A verdade é que a ida ao café tinha-a deixado também com imensos pensamentos na mente. Ele fazia o género dela. Ele era alto. Braços fortes. Mãos rijas. Loiro. Aquele ar de surfista, sabem? Enquanto tomavam o café e conversam, o Maurício ia recebendo mensagens do colega no telemóvel a dizer:

– “Vem para cá, preciso de ti, casa cheia!”

SMS que não obtiveram resposta alguma. O café era mais interessante.

– “Queres jantar?” Convidou ele.

– “Sim, aceito.” Respondeu ela.

Ela aceitara pois a conversa estava a ser bastante agradável. Estava a deixá-lo com imensos desejos sexuais. Estava a deixá-la super confortável. Algo que qualquer mulher gosta de se sentir.

O jantar realizou-se num dos restaurantes com melhor vista da cidade. Tinha uma vista para o mar e para o céu estrelado. Era também o restaurante que ficava aberto até mais tarde e foram os últimos a sair de lá.

Ela tinha-lhe dito, entretanto, que estava hospedada num certo hotel ali bem próximo e convidou-o a ir até lá. Ela tinha uma boa garrafa de vinho no frigorífico que teria de ser aberta em ocasiões especiais. Aquela era uma ocasião bem mais do que especial.

a primeira garrafa de vinho veio a segunda. Da segunda a terceira. E assim sucessivamente. Até que o álcool já era bastante e acabaram por, depois de se aproximarem, beijarem-se suavemente. Um beijo muito, mas mesmo, muito lento. Um beijo que fez arrepiar aqueles dois corpos. Aos poucos foram-se despindo e levaram-se um ao outro para o quarto de banho.

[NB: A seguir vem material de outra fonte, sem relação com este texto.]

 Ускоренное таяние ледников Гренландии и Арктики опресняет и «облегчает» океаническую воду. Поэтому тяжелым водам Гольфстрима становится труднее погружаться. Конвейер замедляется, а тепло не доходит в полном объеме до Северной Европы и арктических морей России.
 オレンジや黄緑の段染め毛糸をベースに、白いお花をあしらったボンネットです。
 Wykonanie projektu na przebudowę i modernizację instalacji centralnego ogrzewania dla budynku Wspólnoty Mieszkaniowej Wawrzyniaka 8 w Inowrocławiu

A ida para dentro da banheira foi um saltinho e a água escorria enquanto ambos se tocavam com a intensidade certa. Cada toque já os fazia gemer. E que gemidos. Ela delirava e deixava já escorrer bastante líquido vaginal. Ele beijava-lhe todos os cantos do corpo. Naquele espaço apenas silêncio de palavras pois os gritos eram muitos e água muito barulho fazia. Ele virou-a de costas para ele, dobrou-a e penetrou-a.

– “Isso, vem!” Disse ela.

Ela queria que ele entrasse fundo. Entrasse cheio de vontade. Com muita intenção. Cada pancada que dava dentro dela fazia-a gritar cada vez mais. Fazia chegar aos orgasmos com uma rapidez nada esperada.

– “Não pares!” Disse ela.

Ele não parava. Puxava-lhe os cabelos para trás. Batia-lhe no rabo com toda a força. Ela gritava. Ela desesperava. Ela queria mais e mais. Molhados foram para a grande cama de casal do quarto. Ela deitou-se de barriga para cima e ele encaixou em cima dela. Os braços dele agarravam firme as pernas dela e cada entrada dentro dela obrigava-a a agarrá-lo com mais força. Com mais pressão. Ela já se tinha vindo umas quantas vezes desde o banho até à cama.

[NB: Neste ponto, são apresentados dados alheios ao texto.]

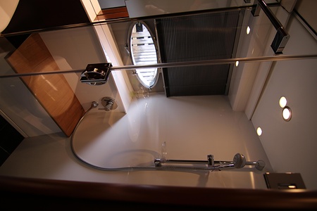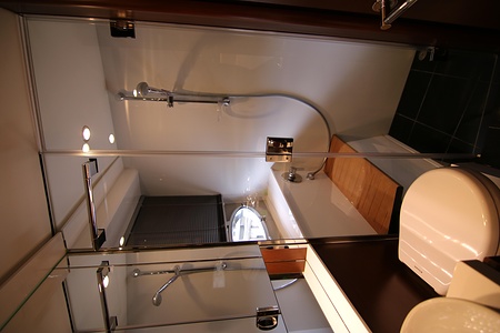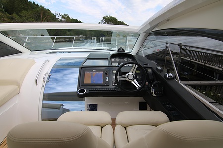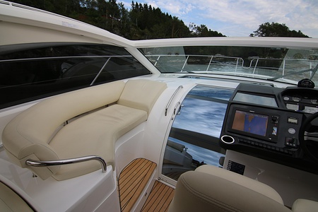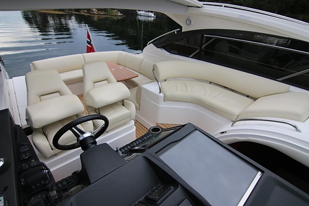 I cockpit har man en stor sittegruppe, sitteplass for gjester i fartsretningen og to stoler ved den oversiktlige førerposisjonen.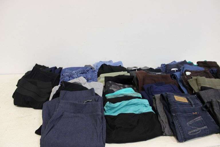 Stylish selection of women's pants including jeans, leggings, slacks, and casual trousers in various colors and fabrics. Please see photos for more details. In overall good condition with finish wear. No other items included. Size M & 8.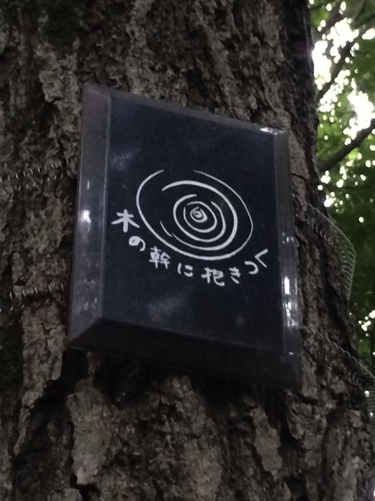 「木の幹に抱きつく」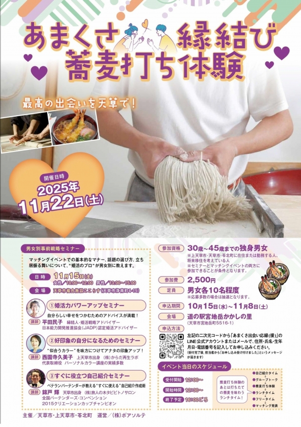 30歳〜45歳の独身男女※上天草市・天草市・苓北町に在住または勤務する人、将来移住を考えている人

– “Fode-me de quatro, ali!”

Onde era o ali dela? Era na varanda. A varanda era ao lado de todas as outras varandas. Um hotel completamente cheio. Onde o silêncio reinava. Ela colocou-se de quatro e foi partida aos poucos por ele. Ele fazia de tudo para a fazer gritar em alto e bom som. Mas não conseguia. Ela sabia controlar-se tão bem. Sabia como manter-se em silêncio. Sabia como não acordar nenhum dos hóspedes do hotel. Ele bem fazia de tudo, penetrava enquanto brincava com os seus mamilos, enquanto beijava o seu corpo mas nada. Nada de nada.

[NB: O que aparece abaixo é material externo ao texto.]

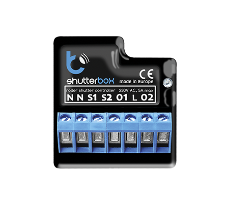 Sterownik shutterBox służy do sterownia roletami zewnętrznymi, żaluzjami, oknem czy markizą 230VAC.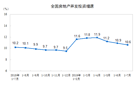2019年1—7月份,全國(guó)房地產(chǎn)開發(fā)投資72843億元,同比增長(zhǎng)10.6%,增速比1—6月份回落0.3個(gè)百分點(diǎn)。其中,住宅投資53466億元,增長(zhǎng)15.1%,增速回落0.7個(gè)百分點(diǎn)。住宅投資占房地產(chǎn)開發(fā)投資的比重為73.4%。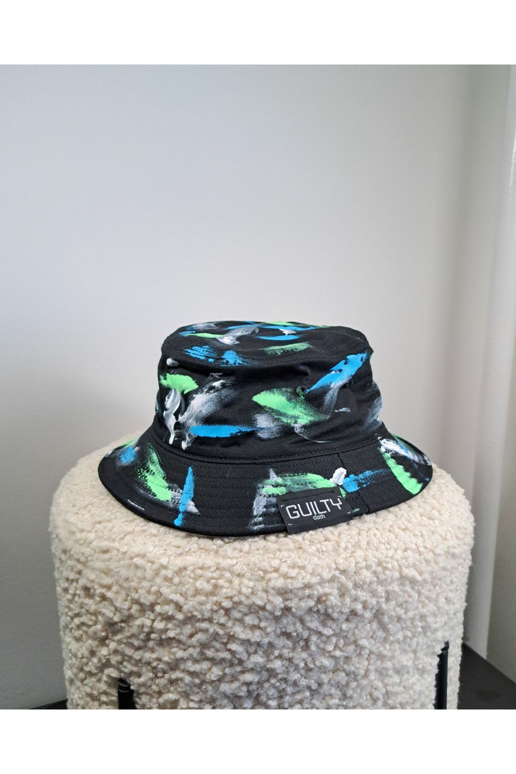 Čierny klobúk GUILTY s modro-zeleno-bielymi brush-stroke vzormi (limitovaná edícia)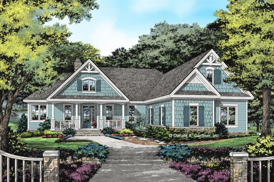 It’s all about relaxing times on the porch of this versatile design, which would work well as a primary residence or vacation getaway. The main floor features the master suite and an extra suite, ideal for hosting in-laws or special visitors. Two more bedrooms upstairs add extra space for kids or friends. See more images, information, and the floor plans.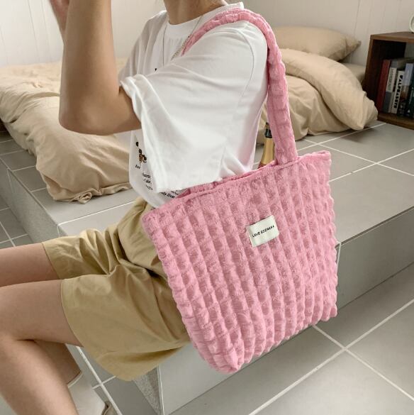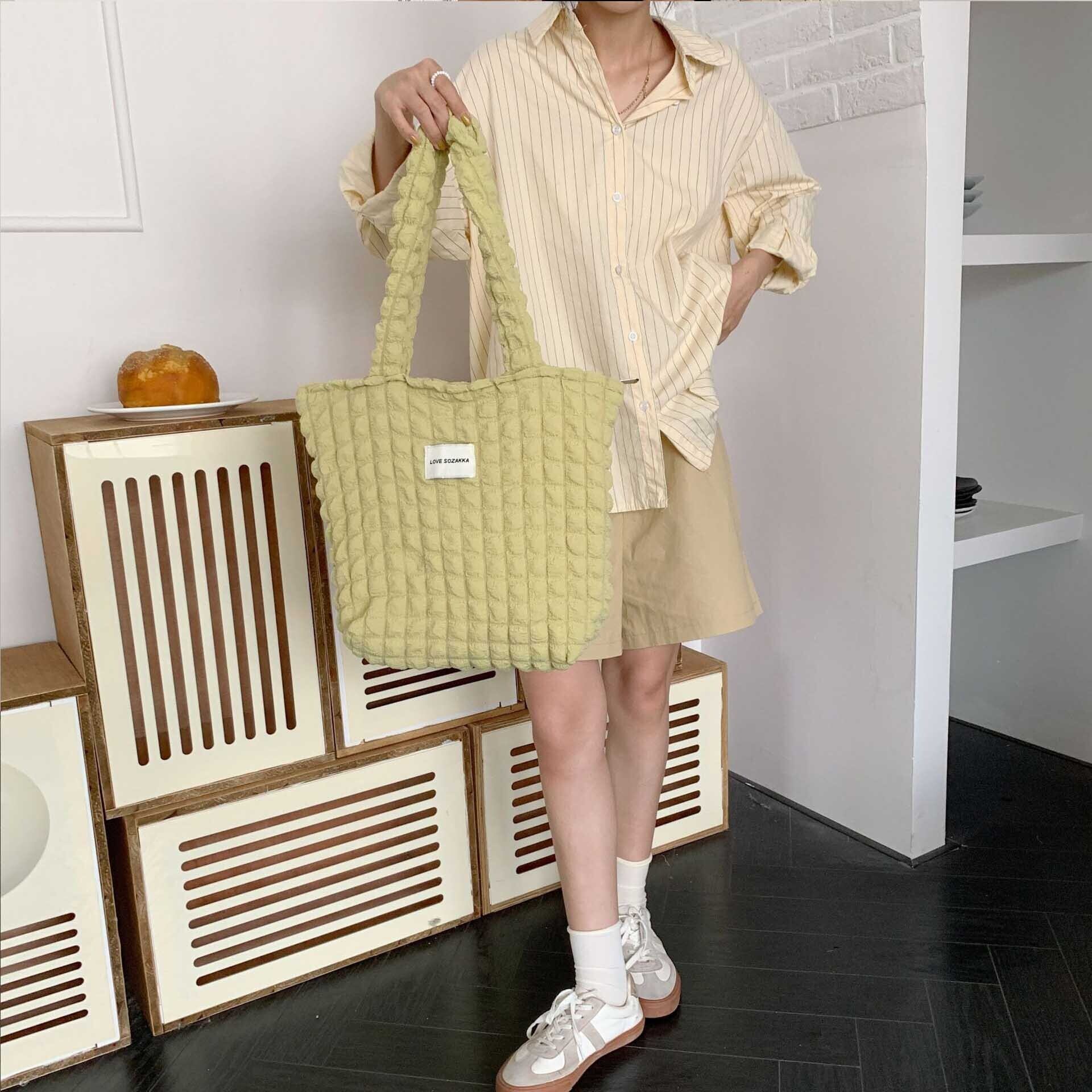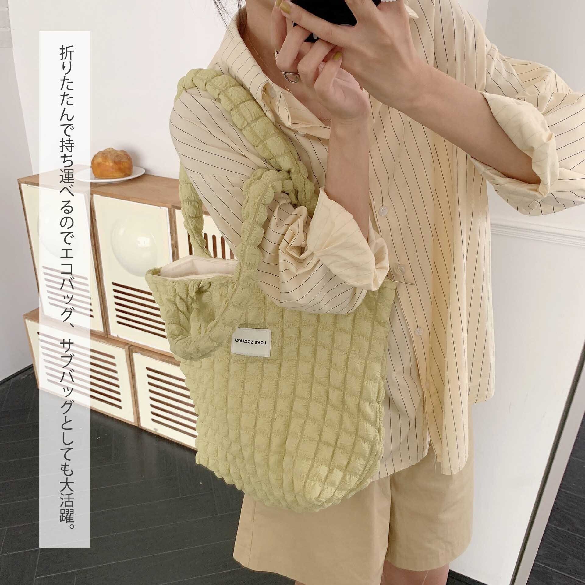 新作 レディース ショルダートートバッグ ポップコーン ワッフル サブバッグ 軽量 ファスナー 可愛い

Da varanda voltaram para a cama, ela queria cavalgar em cima dele e assim o fez. Meteu-se de costas para ele e fez com que o rabo trabalhasse sozinho. Ela mostrava que sabia o que estava a fazer. Mostrava toda a sua experiência. Ele gemia por todo o lado, tinha o seu pénis a sofrer um tratamento de elevado nível. Ela saltava e cavalgava da melhor forma gritando ao mesmo tempo e levando-o ao delírio. Ele entretanto veio-se, depois de muita luta e suor, veio-se dentro dela e puxou-a logo para si. Um movimento querido e que finalizava uma boa hora de sexo.